* Instructions to follow *
Restate exactly the lines that run from the start of the records below to the line containing "Stoffe kenmerk: Gemaakt", counting both ends, and nothing else; pictures stay out.

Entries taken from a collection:
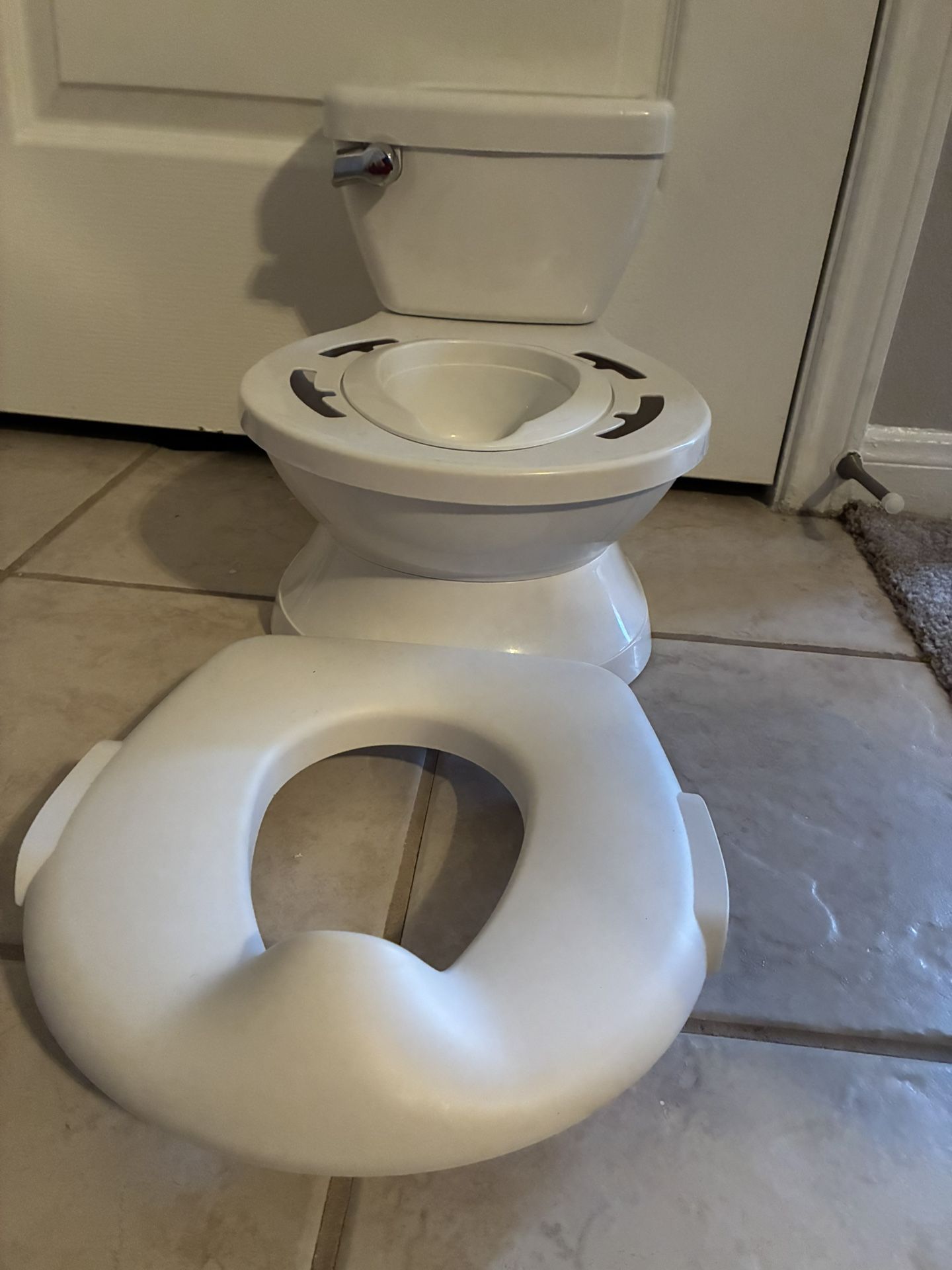 White potty seat, makes real flushing noise
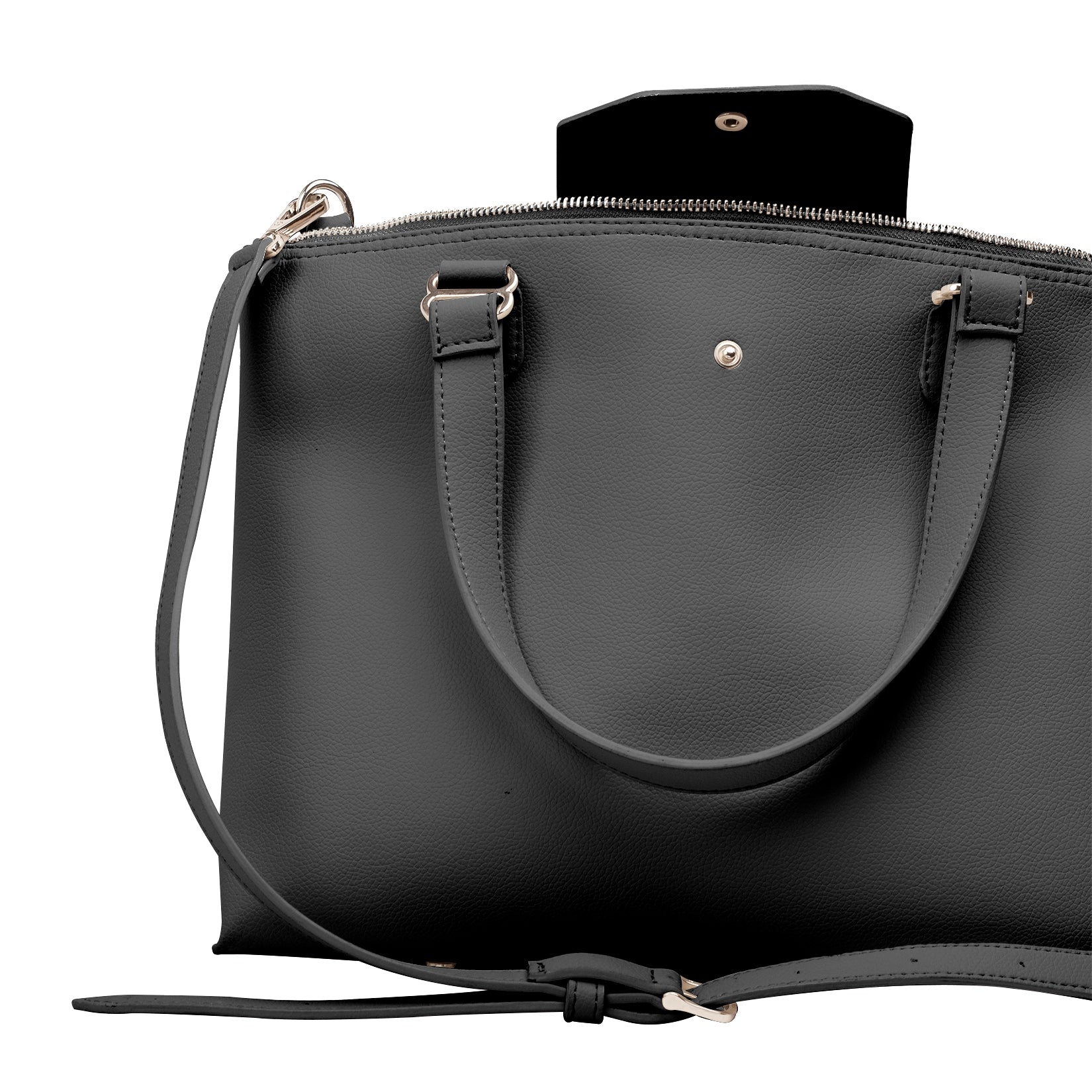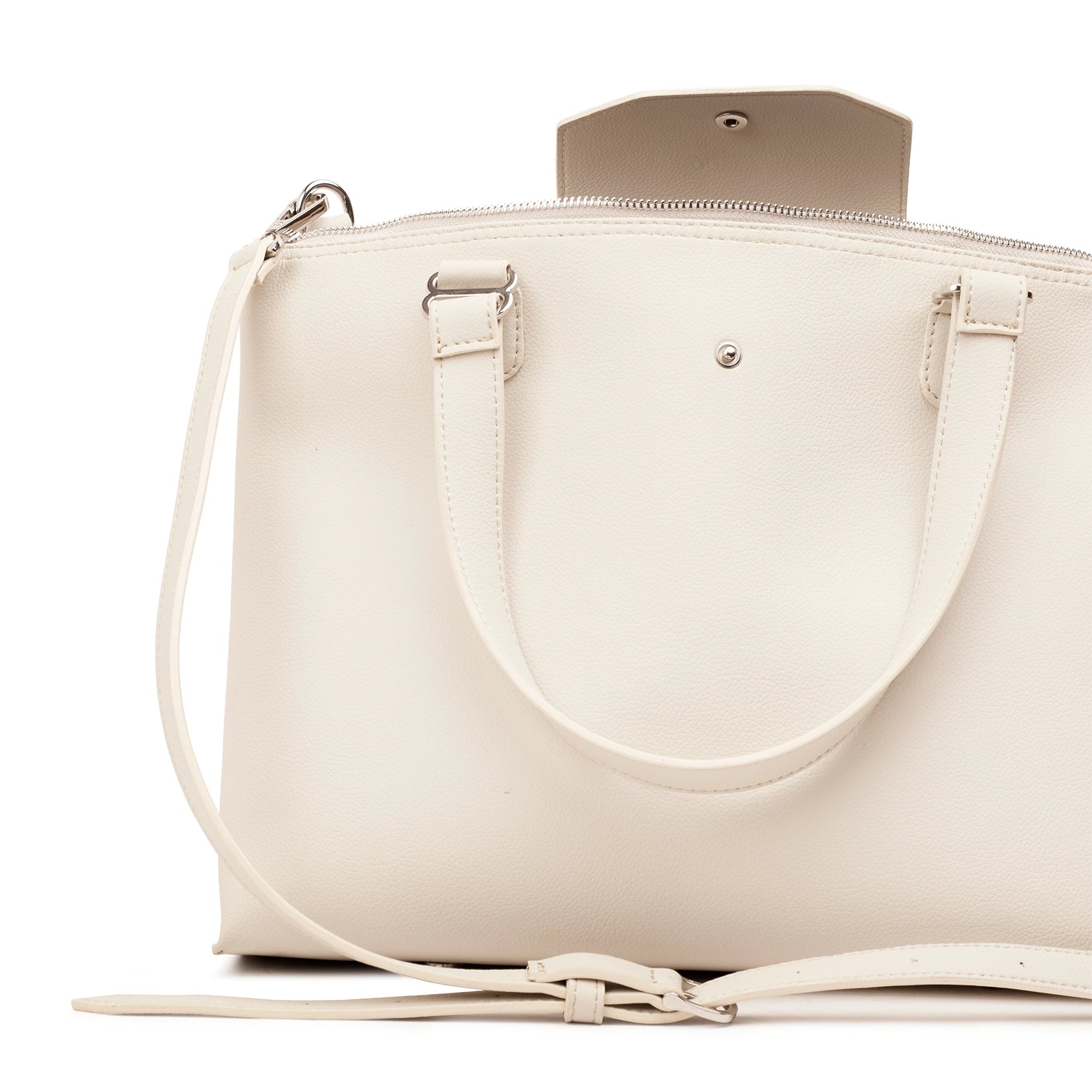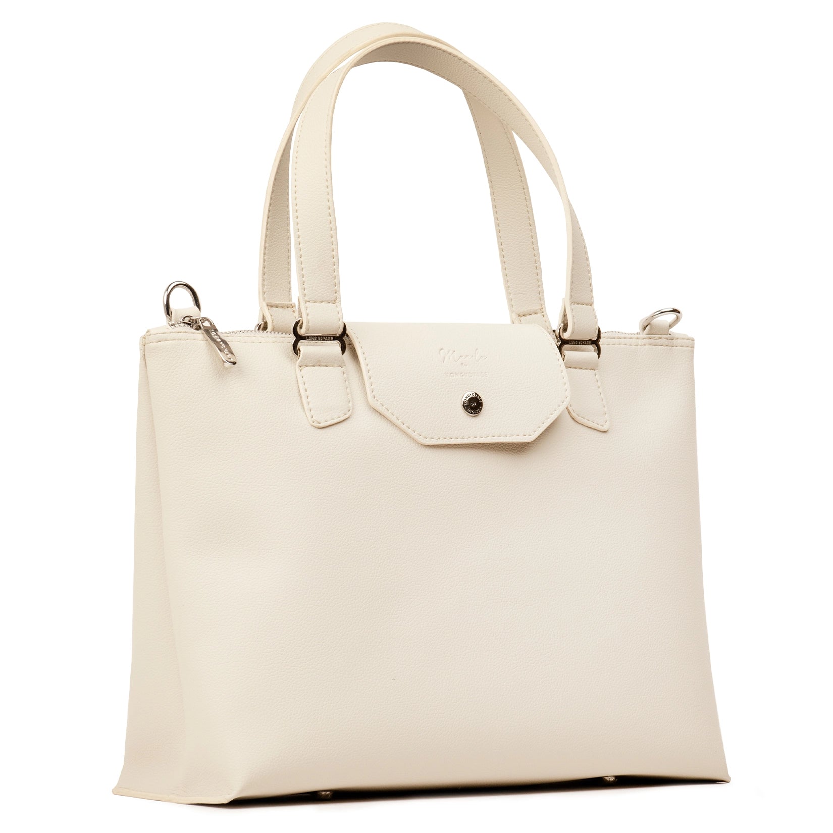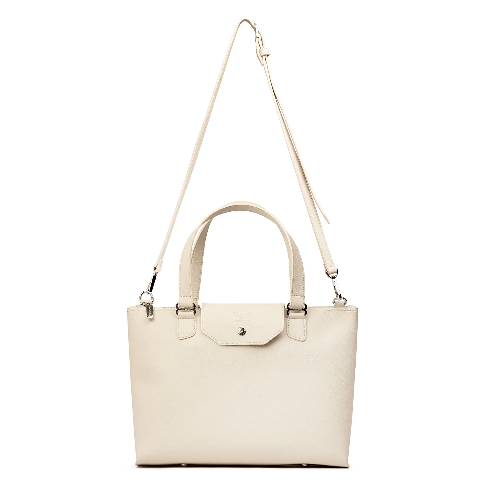 El diseño incorpora asas cortas reforzadas y una correa desmontable para llevarla al hombro o en crossbody, adaptándose a tu estilo y comodidad. Además, cuenta con cierre superior de cremallera y una tapa frontal con broche metálico que aporta un detalle refinado y distintivo.
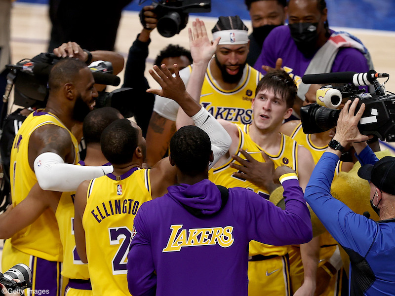 DALLAS, TEXAS - DECEMBER 15: Austin Reaves #15 of the Los Angeles Lakers reacts after shooting the game-winning shot against Tim Hardaway Jr. #11 of the Dallas Mavericks in overtime at American Airlines Center on December 15, 2021 in Dallas, Texas. (Photo by Tom Pennington/Getty Images)
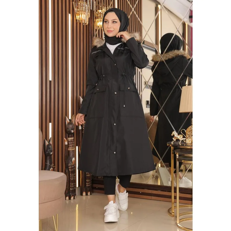 Stoffe kenmerk: Gemaakt van Bondit-stof. Productkenmerk: Nieuwe seizoens hijab modeproduct. Voering van bont. Voorzien van een rits aan de voorkant. Zak beschikbaar. Met capuchon. Gestrikt op de taille. Productkleur kan variëren door conceptfoto's. Het model draagt maat 38. Maat 38 Jasmetingen: Productlengte: 116 cm - Borst: 102 cm - Taille: 96 cm - Heupen: 108 cm Lichaamsmetingen nemen toe met 3 of 4 cm. (Productlengte verandert niet)
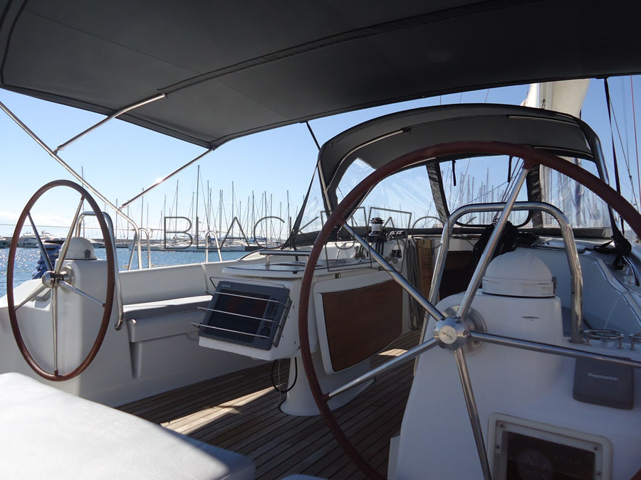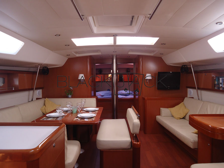 Dinghy Inflatable, Outboard engine, Shore Power Connection, Cockpit Speakers, TV + DVD, Radio/CD, Cooker with oven, Cool Box, Freezer, Microwave, Refrigerator, Sinks (num.), Autopilot, Main Deck Compass, VHF, Air Conditioning, Heating, Hot Water System, Genoa Furling, Lazy Bag, Wheel Steering, Bathing Platform, Bimini, Deck Shower, Deck Tent, Electric Windlass, Teak Decks, Anchor, Bow Thruster, Dinghy with Outboard Motor, Echo Sounder, Life jacket, Linen, Main Sail Full Batten/Lazy Jack, Nautical charts and nautical guide, Navigation kit, Pillows and blankets, Radio Cass/Radio/CD Player with Speakers in Saloon & Cockpit, Speedometer, Spray hood, Wind Speed Indicator/Network Wind, Auxiliary anchor, Calibrated anchor chain, Dan Buoy, Distress flares, Fire extinguisher, First aid kit, Lifebuoy, Liferaft, Main anchor, Safety harness, Snorkel Equipment, Engine Battery (in Ah.), Service Battery (in Ah.), Fans, Gangway, Generator (KVa), Battened main sail, Roller genoa, GPS Plotter, USB plugs
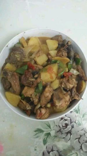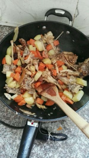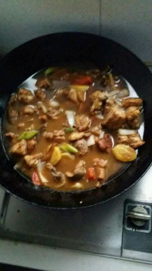 1,锅里倒好油,把鸡炸至金黄色 2,倒入佐料干炒 3,加入水,滚开后,加入土豆,香菇等一锅炖
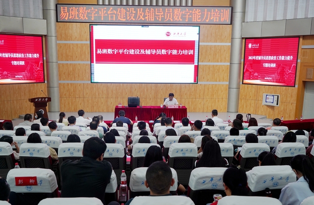 张力作了总结讲话。他指出,全体学工队伍要坚持围绕立德树人根本任务,以学生成人成才为中心,坚持用科学的世界观方法论指导工作,坚持问题导向,加强工作调研,培养数字思维能力。一要修改完善西华易班的制度机制,立足校本化,进行差异化发展;二要加强数据管理,将数据结构化,形成“数治”,变成学校管理服务的刚性要求,长效化加强辅导员数字能力提升;三要在实践基础上开展相关理论研究,有组织地进行系统理论研究,不断推进数字化建设,力求用严密的数字化逻辑思维指导日常工作。
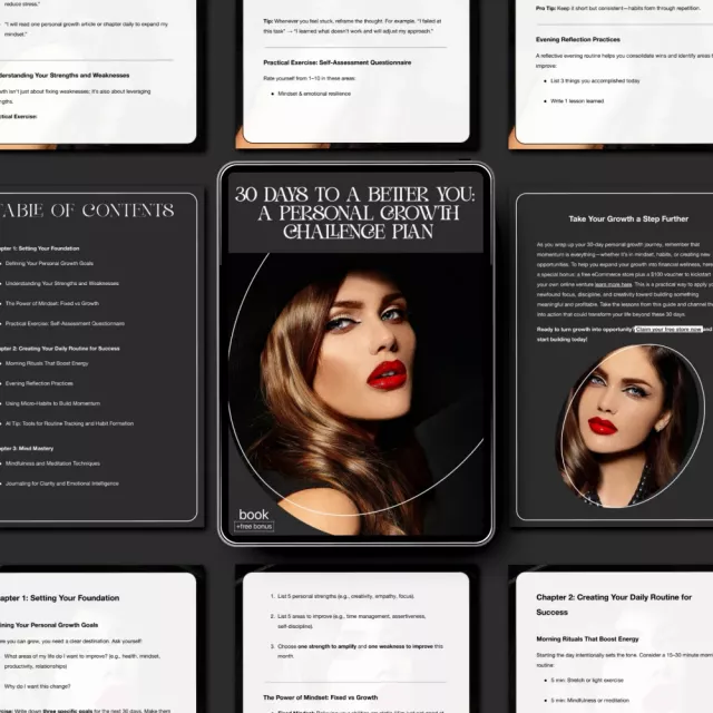 Ready to reset your mindset, rebuild your routines, and become the best version of yourself in just one month? 30 Days to a Better You: A Personal Growth Challenge Plan is a structured, easy-to-follow ebook designed to guide you step by step through meaningful daily growth. This powerful 30 day personal growth challenge plan combines proven personal development strategies with practical exercises so you can build habits, strengthen your mindset, and create real change without feeling overwhelmed.

* Exercise result *
 White potty seat, makes real flushing noise
 El diseño incorpora asas cortas reforzadas y una correa desmontable para llevarla al hombro o en crossbody, adaptándose a tu estilo y comodidad. Además, cuenta con cierre superior de cremallera y una tapa frontal con broche metálico que aporta un detalle refinado y distintivo.
 DALLAS, TEXAS - DECEMBER 15: Austin Reaves #15 of the Los Angeles Lakers reacts after shooting the game-winning shot against Tim Hardaway Jr. #11 of the Dallas Mavericks in overtime at American Airlines Center on December 15, 2021 in Dallas, Texas. (Photo by Tom Pennington/Getty Images)
 Stoffe kenmerk: Gemaakt van Bondit-stof. Productkenmerk: Nieuwe seizoens hijab modeproduct. Voering van bont. Voorzien van een rits aan de voorkant. Zak beschikbaar. Met capuchon. Gestrikt op de taille. Productkleur kan variëren door conceptfoto's. Het model draagt maat 38. Maat 38 Jasmetingen: Productlengte: 116 cm - Borst: 102 cm - Taille: 96 cm - Heupen: 108 cm Lichaamsmetingen nemen toe met 3 of 4 cm. (Productlengte verandert niet)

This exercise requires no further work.